::: Provided material

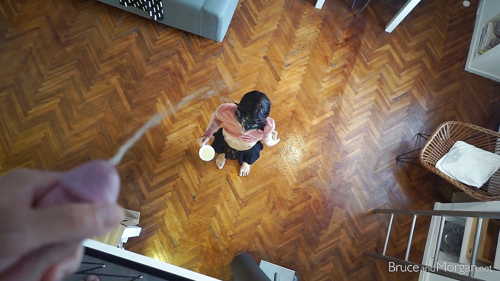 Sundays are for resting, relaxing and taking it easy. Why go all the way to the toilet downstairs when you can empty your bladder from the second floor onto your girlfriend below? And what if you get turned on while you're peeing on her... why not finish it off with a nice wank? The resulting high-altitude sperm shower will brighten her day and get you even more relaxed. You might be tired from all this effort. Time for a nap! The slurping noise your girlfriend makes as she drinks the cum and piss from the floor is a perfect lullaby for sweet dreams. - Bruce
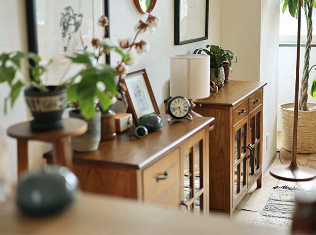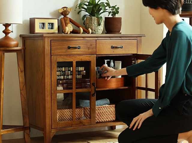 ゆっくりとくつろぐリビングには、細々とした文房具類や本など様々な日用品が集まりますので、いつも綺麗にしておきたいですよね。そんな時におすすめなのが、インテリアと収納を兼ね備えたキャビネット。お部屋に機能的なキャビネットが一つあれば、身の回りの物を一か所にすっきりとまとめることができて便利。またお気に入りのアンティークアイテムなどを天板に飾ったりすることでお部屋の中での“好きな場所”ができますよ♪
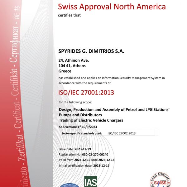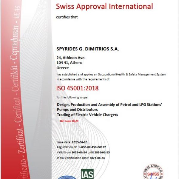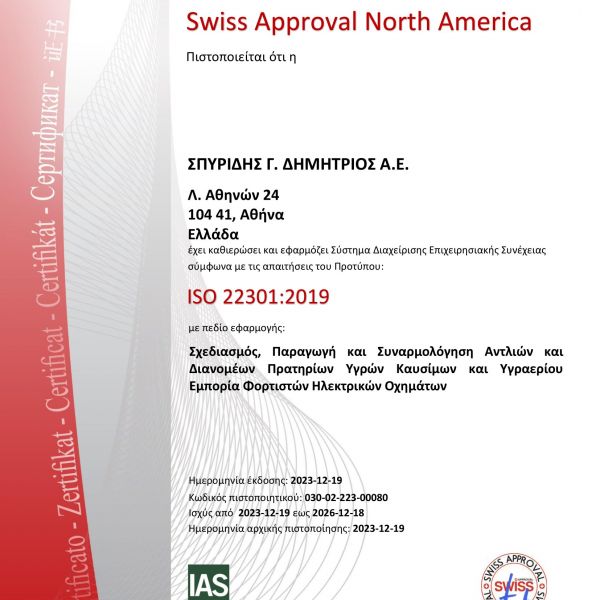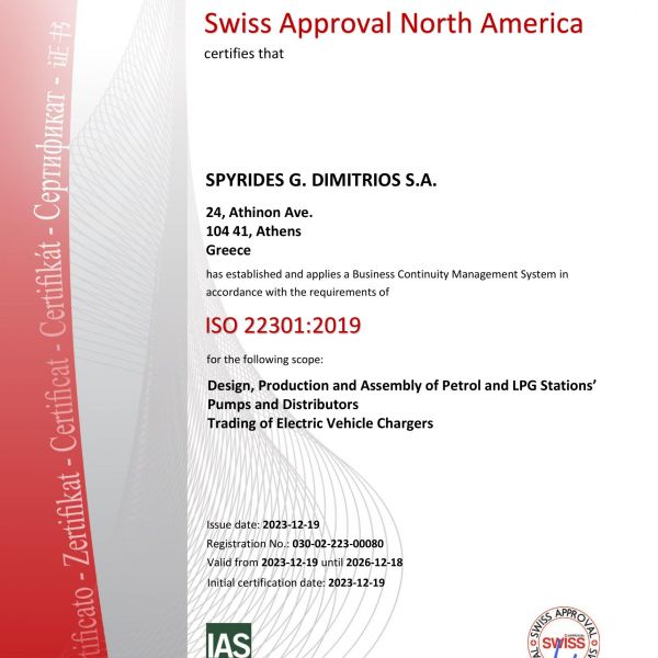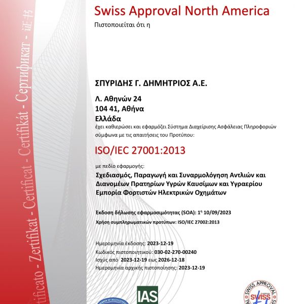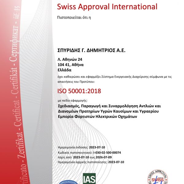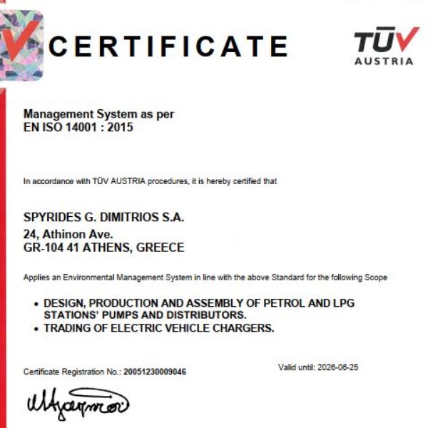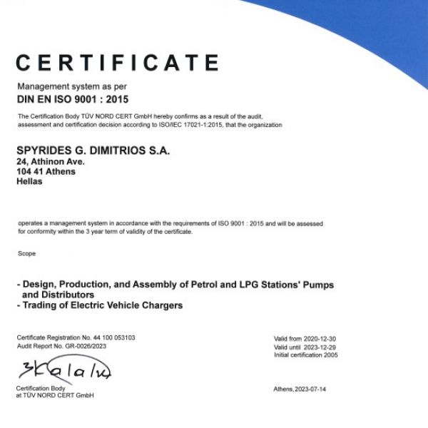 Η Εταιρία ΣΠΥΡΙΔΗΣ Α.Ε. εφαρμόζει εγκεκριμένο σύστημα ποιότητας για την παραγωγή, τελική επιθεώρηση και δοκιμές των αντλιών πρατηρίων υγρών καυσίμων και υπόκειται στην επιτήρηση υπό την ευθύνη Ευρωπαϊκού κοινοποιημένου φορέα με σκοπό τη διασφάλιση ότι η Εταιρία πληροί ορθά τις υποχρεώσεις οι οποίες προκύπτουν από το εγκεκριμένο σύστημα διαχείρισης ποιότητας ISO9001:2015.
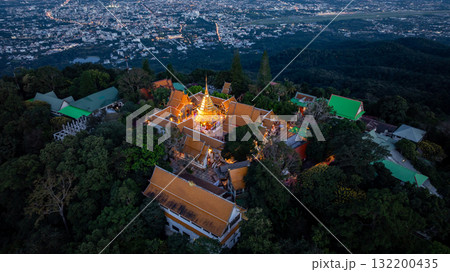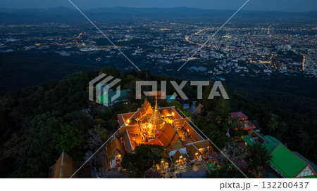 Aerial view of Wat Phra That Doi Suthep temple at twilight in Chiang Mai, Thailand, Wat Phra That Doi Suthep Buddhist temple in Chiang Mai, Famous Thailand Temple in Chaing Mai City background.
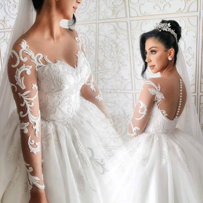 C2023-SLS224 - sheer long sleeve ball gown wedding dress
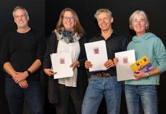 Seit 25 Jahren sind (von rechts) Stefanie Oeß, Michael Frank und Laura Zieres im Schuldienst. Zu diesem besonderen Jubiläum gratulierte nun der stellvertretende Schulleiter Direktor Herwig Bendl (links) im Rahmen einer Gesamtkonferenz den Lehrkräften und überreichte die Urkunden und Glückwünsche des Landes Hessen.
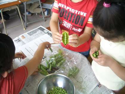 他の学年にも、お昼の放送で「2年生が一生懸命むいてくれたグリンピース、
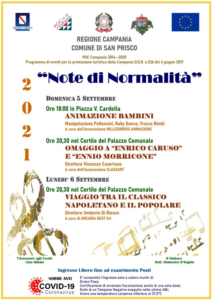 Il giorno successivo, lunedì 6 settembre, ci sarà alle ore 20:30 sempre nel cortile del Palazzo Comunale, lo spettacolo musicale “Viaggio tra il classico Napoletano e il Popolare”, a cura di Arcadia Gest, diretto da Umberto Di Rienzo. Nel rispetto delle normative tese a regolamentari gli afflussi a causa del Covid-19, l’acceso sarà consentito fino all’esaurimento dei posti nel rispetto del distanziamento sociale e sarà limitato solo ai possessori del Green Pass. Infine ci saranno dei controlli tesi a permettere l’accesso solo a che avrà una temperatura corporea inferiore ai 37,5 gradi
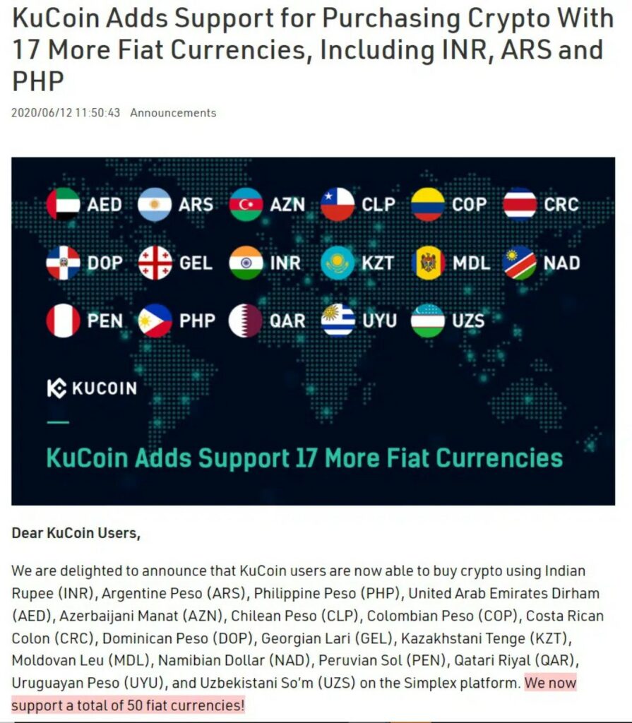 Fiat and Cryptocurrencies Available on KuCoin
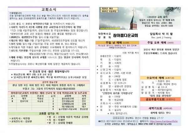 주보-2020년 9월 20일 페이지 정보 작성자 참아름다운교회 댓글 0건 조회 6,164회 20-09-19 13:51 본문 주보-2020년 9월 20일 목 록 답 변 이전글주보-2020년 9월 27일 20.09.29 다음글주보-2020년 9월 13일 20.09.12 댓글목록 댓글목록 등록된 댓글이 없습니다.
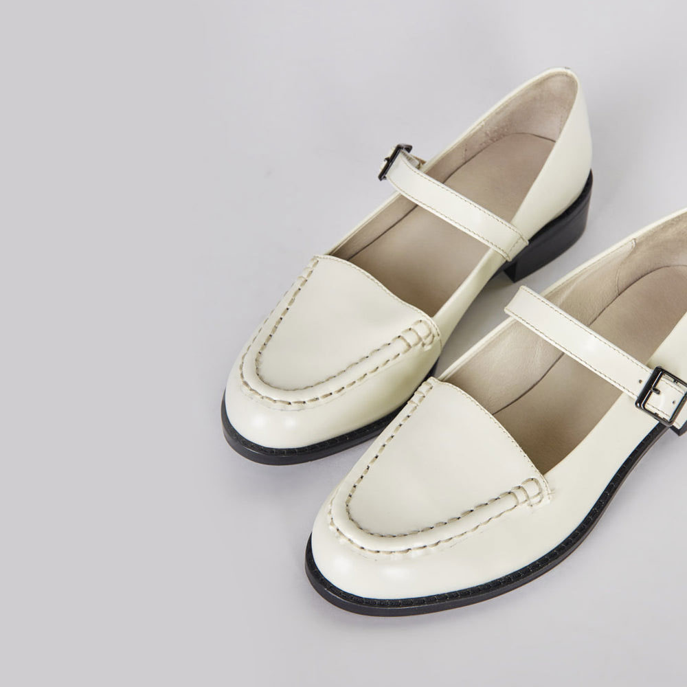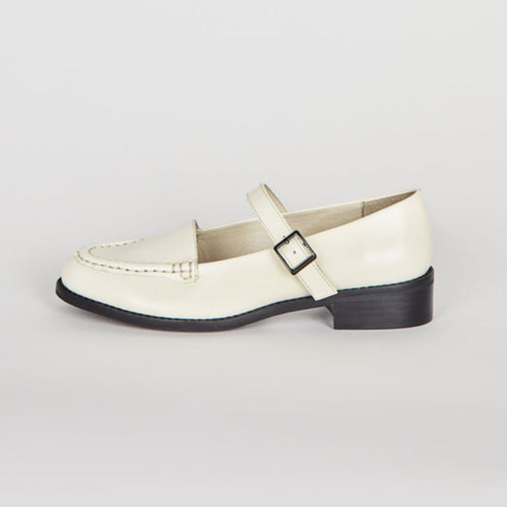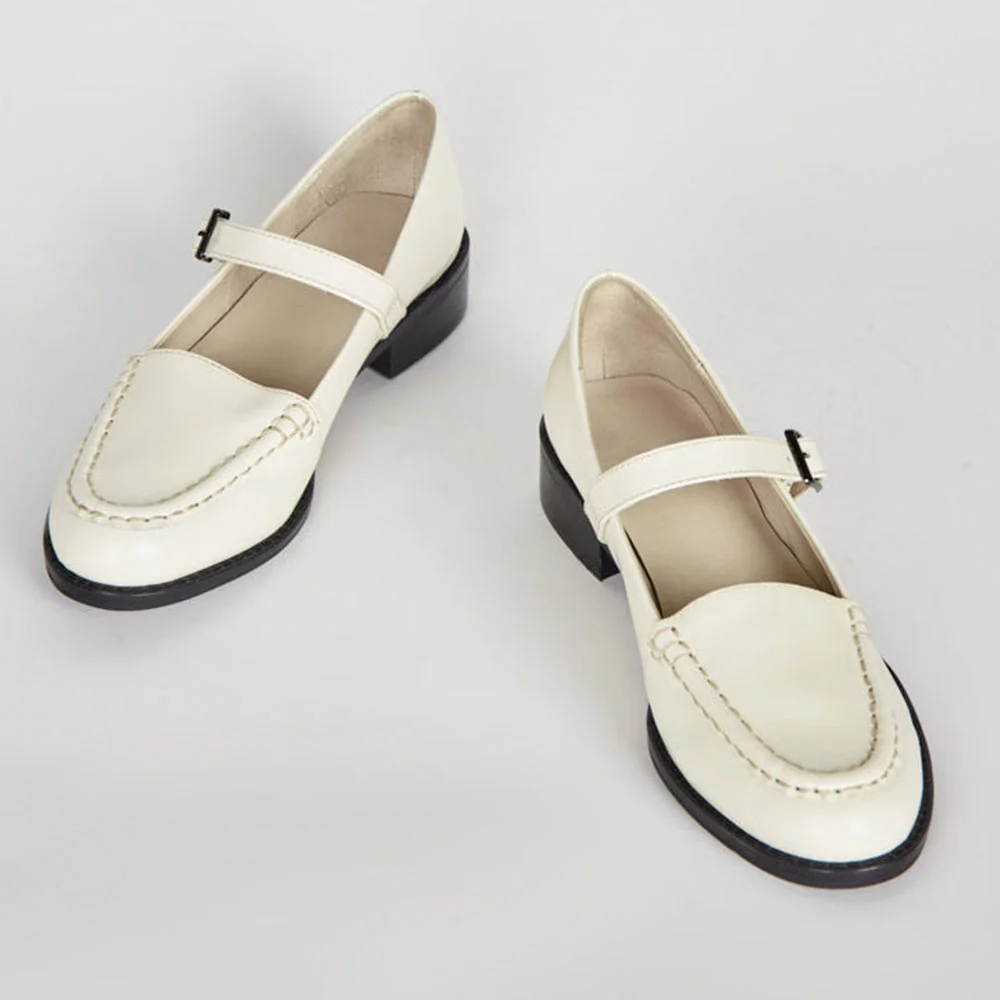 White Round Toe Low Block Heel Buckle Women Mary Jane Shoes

::::::

To do: Every line from the one holding "주보-2020년 9월 20일 페이지" through the end of the records above must be reproduced verbatim, pictures excepted.

Your response:
 주보-2020년 9월 20일 페이지 정보 작성자 참아름다운교회 댓글 0건 조회 6,164회 20-09-19 13:51 본문 주보-2020년 9월 20일 목 록 답 변 이전글주보-2020년 9월 27일 20.09.29 다음글주보-2020년 9월 13일 20.09.12 댓글목록 댓글목록 등록된 댓글이 없습니다.
 White Round Toe Low Block Heel Buckle Women Mary Jane Shoes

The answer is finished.